La Famille au cœur de la maladie mentale
Présidente d’honneur d’Espoir 54
Mon fils,
Va vers ta destinée, mon fils. Sans te soucier.
Poursuis tes pas, ceux qui t’ont conduit sous le soleil de Nice, le jour de tes cinquante ans !
Quelle audace !
Seul, tu as acheté ton billet d’avion, seul tu as embarqué.
Personne pour t’accueillir à ta descente d’avion…
Nous savions qu’à l’ombre de la cathédrale, tu retrouverais ton ami Jean-Louis.
Il t’a donné trois rendez-vous, cet ami rencontré à Lourdes il y a bien longtemps.
Depuis ce jour, il est comme un archange qui veille sur toi en silence.
Tu me disais il y a peu, que tu n’avais plus la foi. Pourtant, tu pries et tu te rends aux cérémonies religieuses.
Quelle est donc cette force intérieure qui te pousse sur les chemins du monde ?
Comme si le Christ t’avait intimé, dès ton enfance, cette merveilleuse parole : « Lève-toi et marche ! ».
Dans la cour de l’école, dès la maternelle, tu restais seul dans un coin, à observer les autres élèves.
Plus petit, tu as marché tard, tu as parlé tard.
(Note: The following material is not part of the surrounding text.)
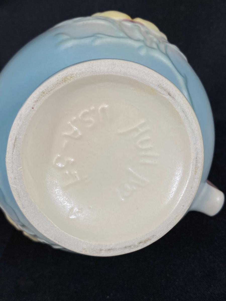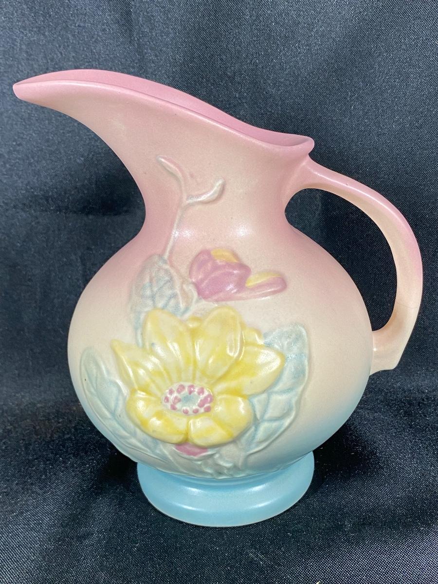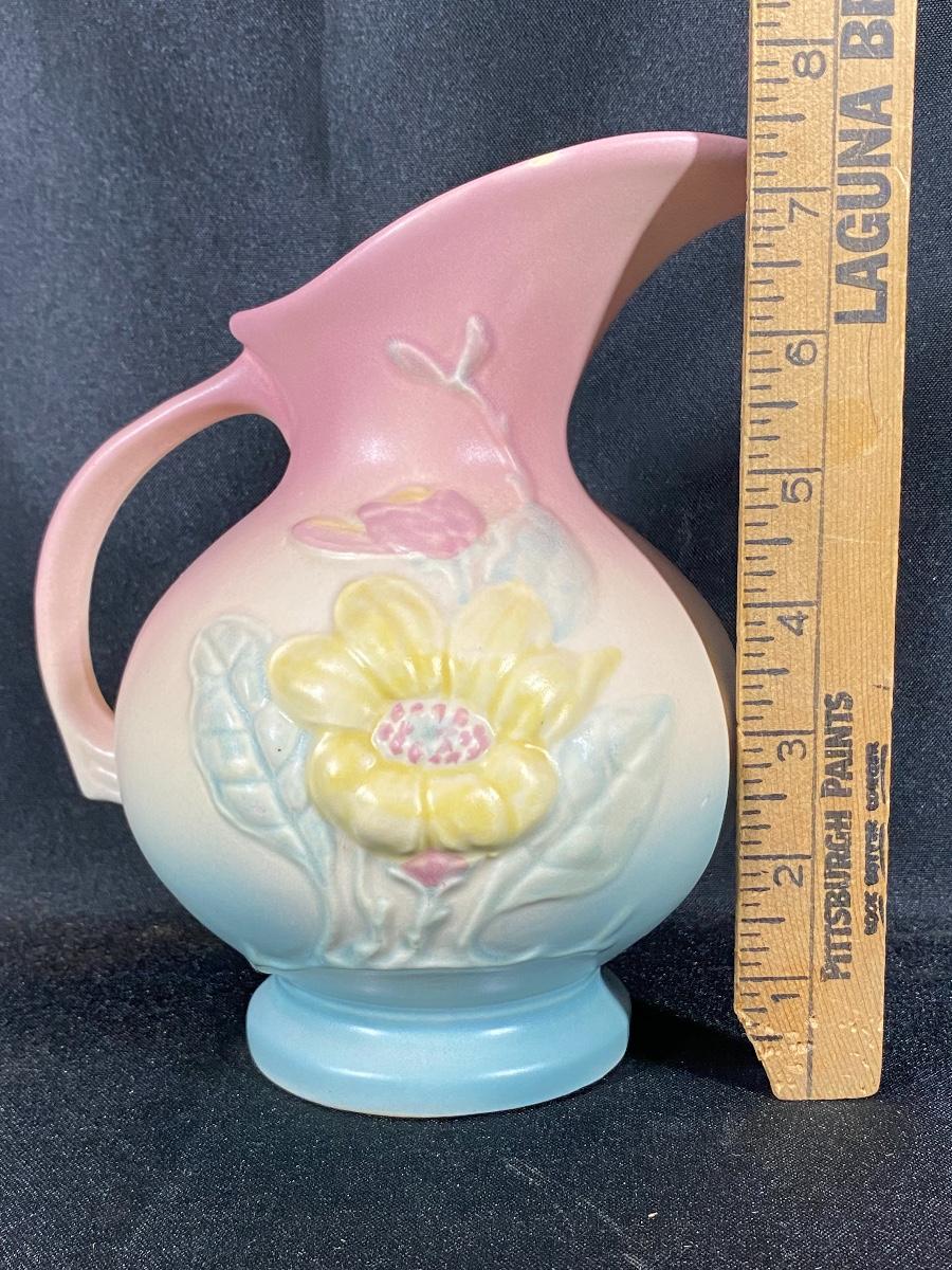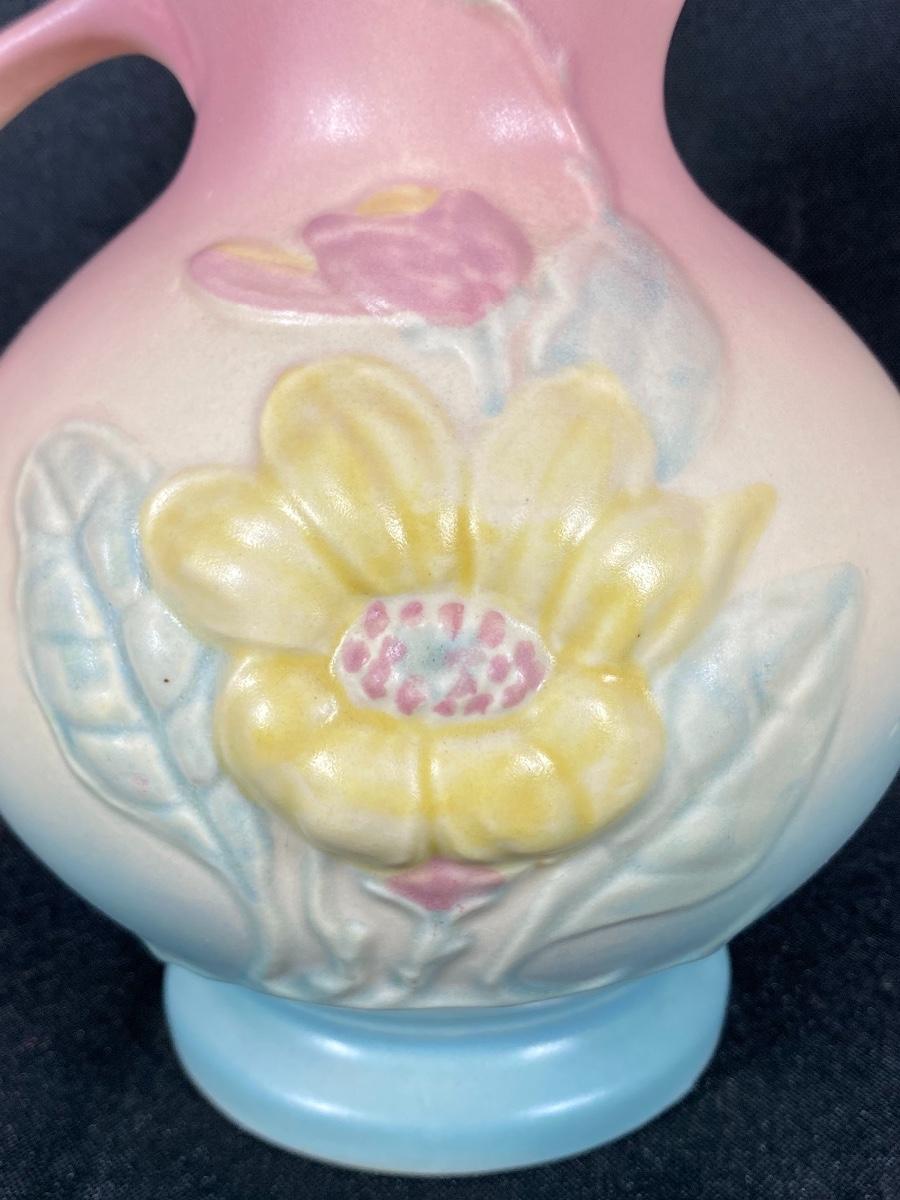 Vintage 8" Hull Pottery water pitcher. Pink to blue with yellow flower embossed on both sides. In good condition. Great as a vase.

Tes cheveux, tes dents ont poussé avec lenteur.
Tu avais dix-neuf ans lorsque d’étranges comportements sont apparus.
De nuit, on t’a retrouvé longeant une autoroute.
Une autre nuit, chez des amis – tu ne supportais plus ta famille – tu as laissé une bougie se consumer sur la table de nuit.
Un réflexe de survie t’a saisi : tu as réussi à éteindre les flammes en leur jetant de grosses poignées de terre trouvée dans le pot d’une plante verte.
Tes amis vivaient dans un ensemble de 450 logements qui auraient pu partir en fumée…
C’est alors, contre ton gré, que nous t’avons hospitalisé.
Et qu’au terme d’un mois, nous avons imploré les médecins de te laisser sortir.
C’était la veille de tes vingt ans et nous voulions les fêter en famille.
Hélas, les années qui suivirent ont été comme un chemin de croix dont chaque station marquait un péril à déjouer.
Jusqu’au jour où, enfin, tu as trouvé une voie professionnelle qui t’a convenu.
Dans ce parcours, que les crises d’angoisse viennent régulièrement chahuter, tu t’efforces d’avancer, malgré des vents contraires.
Ton courage nous impressionne. Tant bien que mal, nous supportons tes troubles de l’humeur.
Tu nous apprends la patience !
« Tomber sept fois, se relever huit » écrivait Philippe Labro.
Cette constante remise en mouvement force notre admiration.
Va, mon fils, vers ce destin si particulier. A ton tour, montre-nous la voie de la sagesse et de la tolérance à la différence.